> [Instructions for the task]: Everything from the first line of the data through the line with "当前路径为:隐私和安全性 - 诊断和反馈,找到删除诊断数据(当你在此处删除数据后,我们将开始从我们的系统中删除副本。如果你有" is to be echoed exactly, minus the pictures.

── Given data

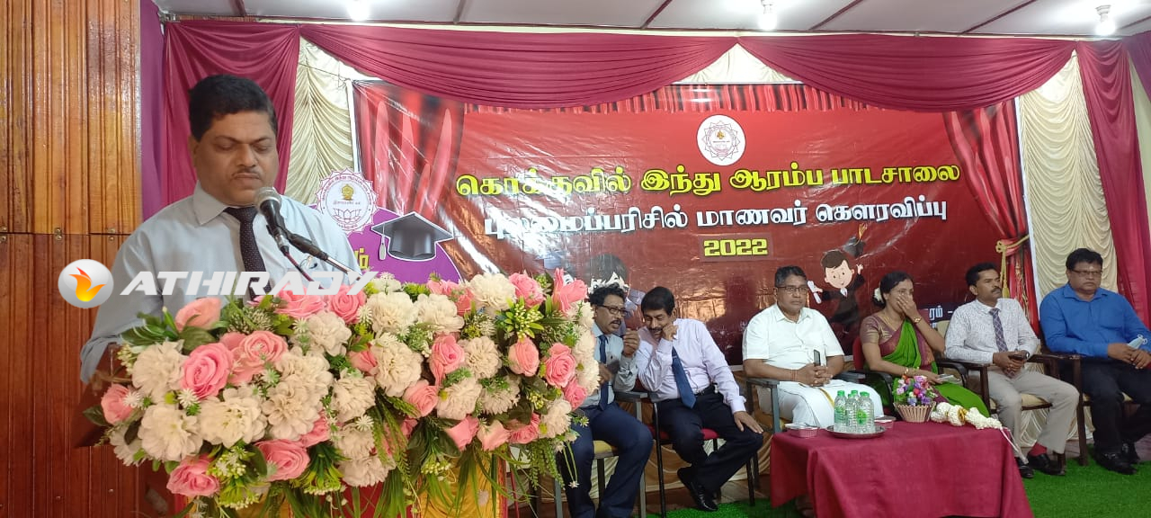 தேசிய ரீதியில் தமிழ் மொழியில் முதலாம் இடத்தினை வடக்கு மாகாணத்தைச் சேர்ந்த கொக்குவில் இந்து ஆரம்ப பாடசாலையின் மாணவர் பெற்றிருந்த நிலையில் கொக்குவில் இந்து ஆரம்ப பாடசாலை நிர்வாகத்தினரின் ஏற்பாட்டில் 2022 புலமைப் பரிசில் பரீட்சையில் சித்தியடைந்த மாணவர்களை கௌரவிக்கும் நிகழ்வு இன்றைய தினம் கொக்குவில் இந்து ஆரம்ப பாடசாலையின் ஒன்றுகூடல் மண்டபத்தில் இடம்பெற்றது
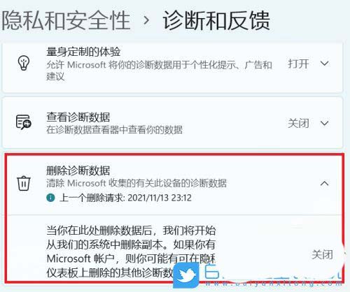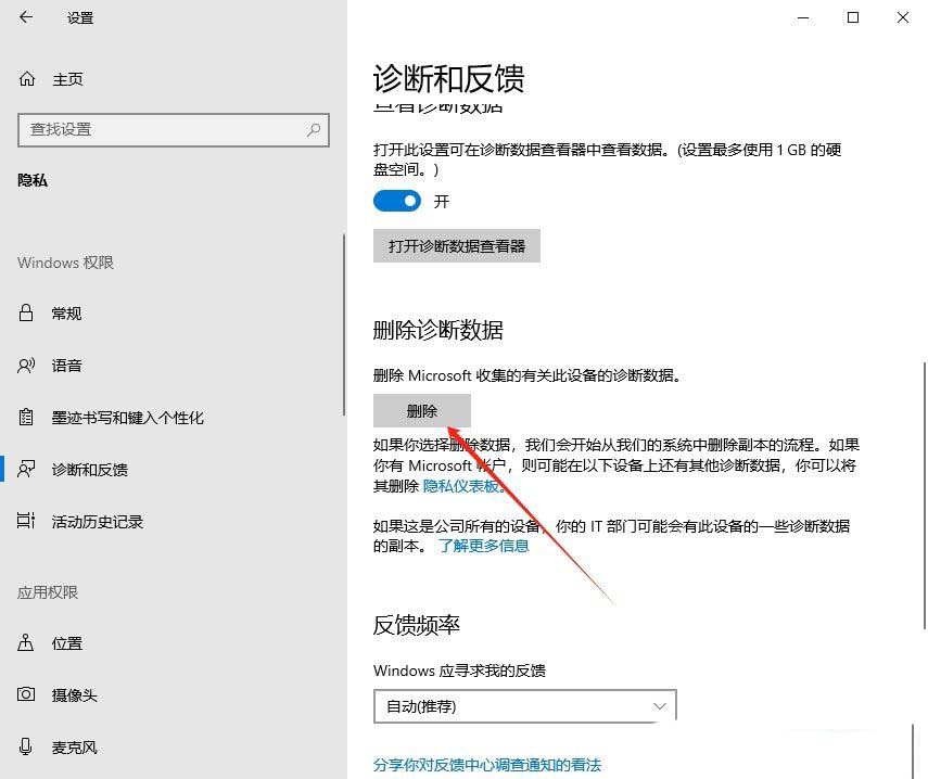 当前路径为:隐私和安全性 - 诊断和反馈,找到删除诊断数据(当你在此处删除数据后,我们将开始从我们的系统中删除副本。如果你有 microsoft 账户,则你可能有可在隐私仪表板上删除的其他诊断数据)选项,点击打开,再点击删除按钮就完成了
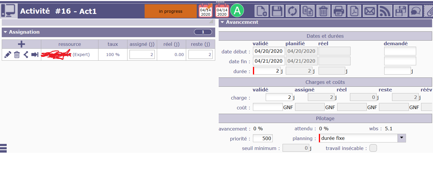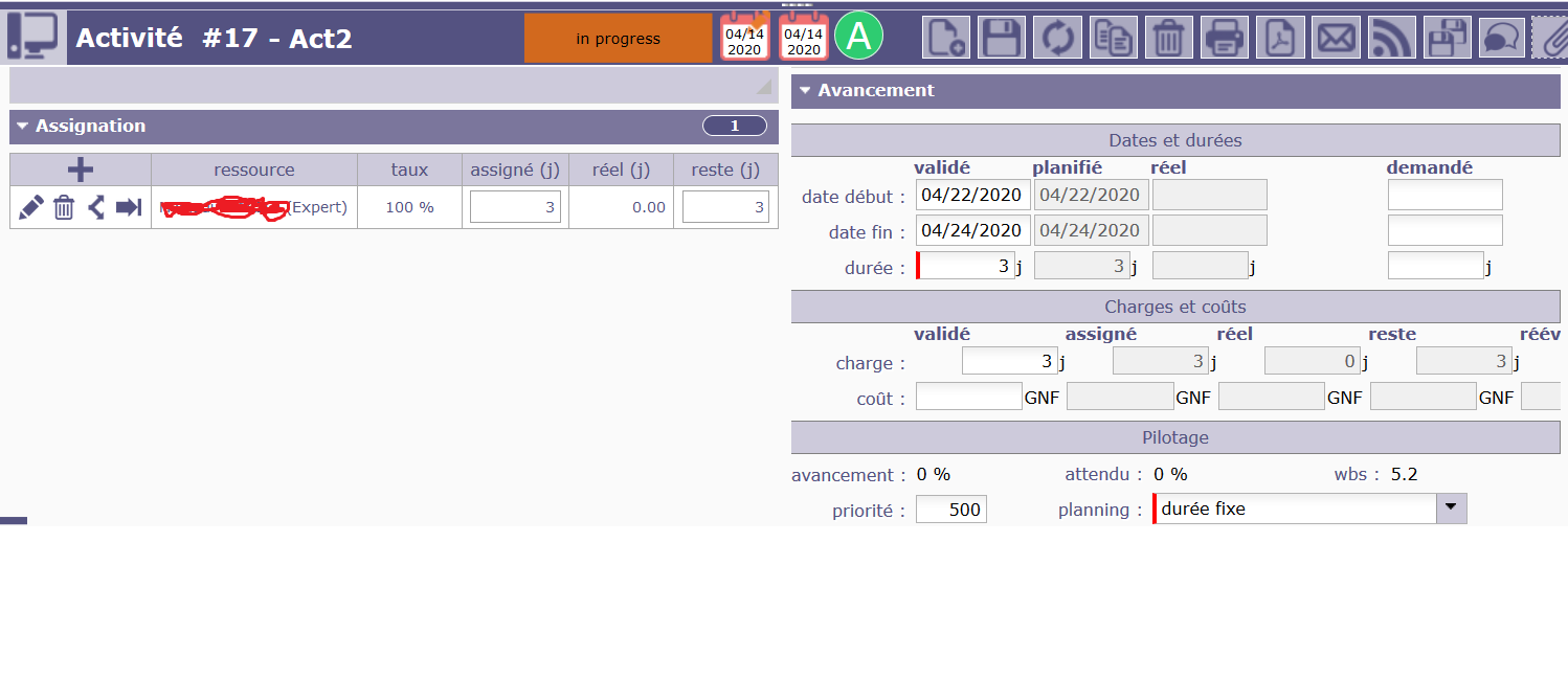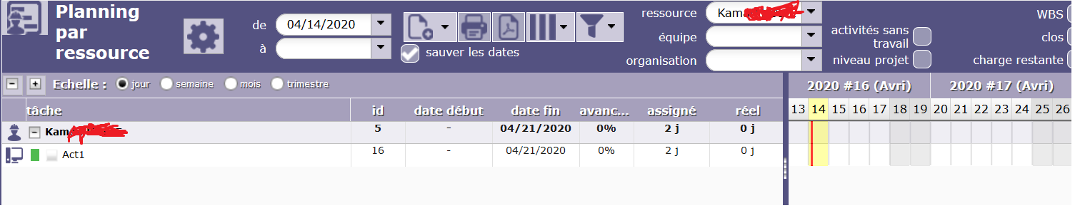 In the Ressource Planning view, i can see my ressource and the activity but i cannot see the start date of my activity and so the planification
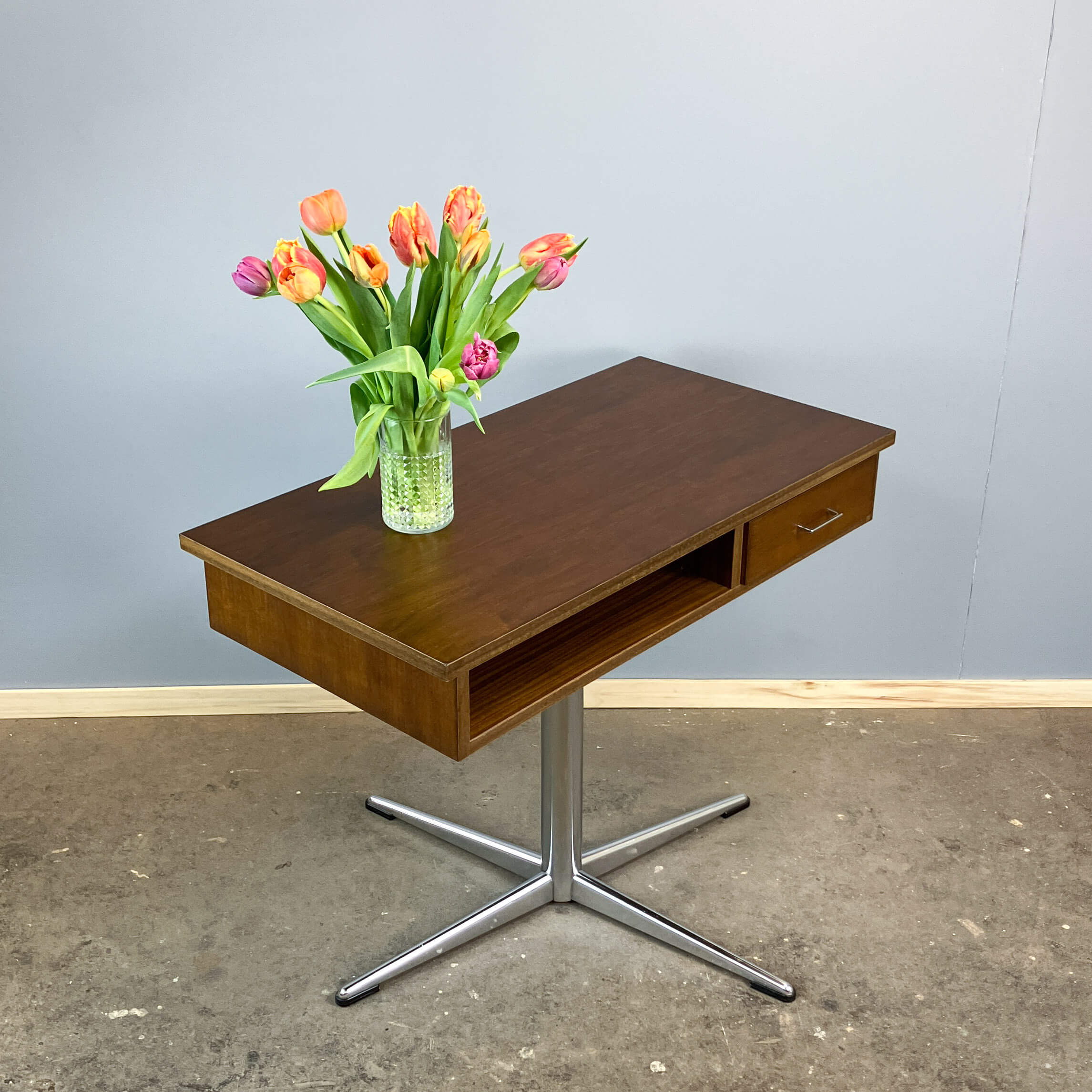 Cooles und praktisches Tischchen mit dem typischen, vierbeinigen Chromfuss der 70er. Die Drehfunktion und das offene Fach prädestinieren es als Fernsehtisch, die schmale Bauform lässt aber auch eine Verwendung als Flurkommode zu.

────

> [Task answer]:
 தேசிய ரீதியில் தமிழ் மொழியில் முதலாம் இடத்தினை வடக்கு மாகாணத்தைச் சேர்ந்த கொக்குவில் இந்து ஆரம்ப பாடசாலையின் மாணவர் பெற்றிருந்த நிலையில் கொக்குவில் இந்து ஆரம்ப பாடசாலை நிர்வாகத்தினரின் ஏற்பாட்டில் 2022 புலமைப் பரிசில் பரீட்சையில் சித்தியடைந்த மாணவர்களை கௌரவிக்கும் நிகழ்வு இன்றைய தினம் கொக்குவில் இந்து ஆரம்ப பாடசாலையின் ஒன்றுகூடல் மண்டபத்தில் இடம்பெற்றது
 当前路径为:隐私和安全性 - 诊断和反馈,找到删除诊断数据(当你在此处删除数据后,我们将开始从我们的系统中删除副本。如果你有 microsoft 账户,则你可能有可在隐私仪表板上删除的其他诊断数据)选项,点击打开,再点击删除按钮就完成了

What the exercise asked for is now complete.